From the onset of the title tune, "Thou Swell," Lanham is in complete control, swinging and phrasing with both grace and verve. Weldon's lusty arrangement and his and Magnarelli's short but vibrant solos seal the deal. Lanham takes Neil Sedaka's hit tune, "Breaking Up is Hard to Do," at a slower tempo than customary, allowing him to bring all his genuine feeling to bear, effectively turning it into a romantic ballad. Magnarelli's obbligatos, Bernstein's glistening solo, and Saunders' soulful comping only add to the endearing mood. Ray Charles' "Hallelujah, I Love Her So" is unfurled by Lanham with much of its composer's swagger and down-to-earth delivery. Weldon wails heartily, the horns vamp, and Lanham simply charms. Lanham's Nat King Cole influence is evident on "Stardust" in his sensitive phrasing, and even in his tonality to some extent. His singing of the verse is particularly noteworthy, as is Saunders full-bodied accompaniment throughout. Magnarelli's improv, conveying a Clifford Brown-like lyricism, fits perfectly.

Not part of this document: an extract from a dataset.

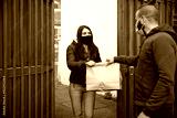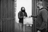 Delivery man delivers a take away bag to customer containing the fast food bought online wearing a face mask during global pandemic from Coronavirus Covid-19 - Staff consigns the package to the buyer
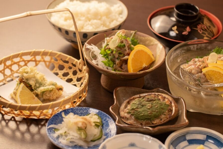 勝浦の港町に佇む「割烹 中むら」は、地元食材を生かした本格和食を気軽に楽しめる人気店です。木の温もりが漂う落ち着いた店内には、カウンター席と座敷席が用意され、ひとりの食事から家族の食事まで幅広いシーンで利用できます。ランチでは新鮮な魚介をふんだんに使った刺身定食や、揚げたての天ぷらが楽しめる御膳が好評で、ひとつひとつ丁寧に仕上げられた優しい味わいが魅力。旬の素材を活かす料理は、海のまち勝浦ならではの贅沢を感じさせます。観光の途中でも気軽に立ち寄れる雰囲気ながら、料理は本格派。落ち着いた空間で、勝浦の恵みをじっくりと味わいたい方におすすめの一軒です。

Lanham sings "Calypso Medley" at a quicker pace than did Harry Belafonte, but just as convincingly and with perhaps a bit more lightheartedness. Block's flute and Sadownick's congas provide festive texture to this delightful version. "I'm Beginning to See the Light" finds Lanham floating over the beat, joyfully communicating, in an arrangement that creates the illusion of a vocal headliner at the helm of an inspired big band. Lanham's assured delivery and flawless intonation on Cole Porter's "All of You" are impressive, and Saunders' piano solo, Strasberg's buoyant bass, and the combination of Strasser's drums and Sadownick's congas help to keep this track swinging all the way. The Latin arrangement of "Amour" merges zesty horn parts with Block's dancing flute, and Lanham soars strongly above it all.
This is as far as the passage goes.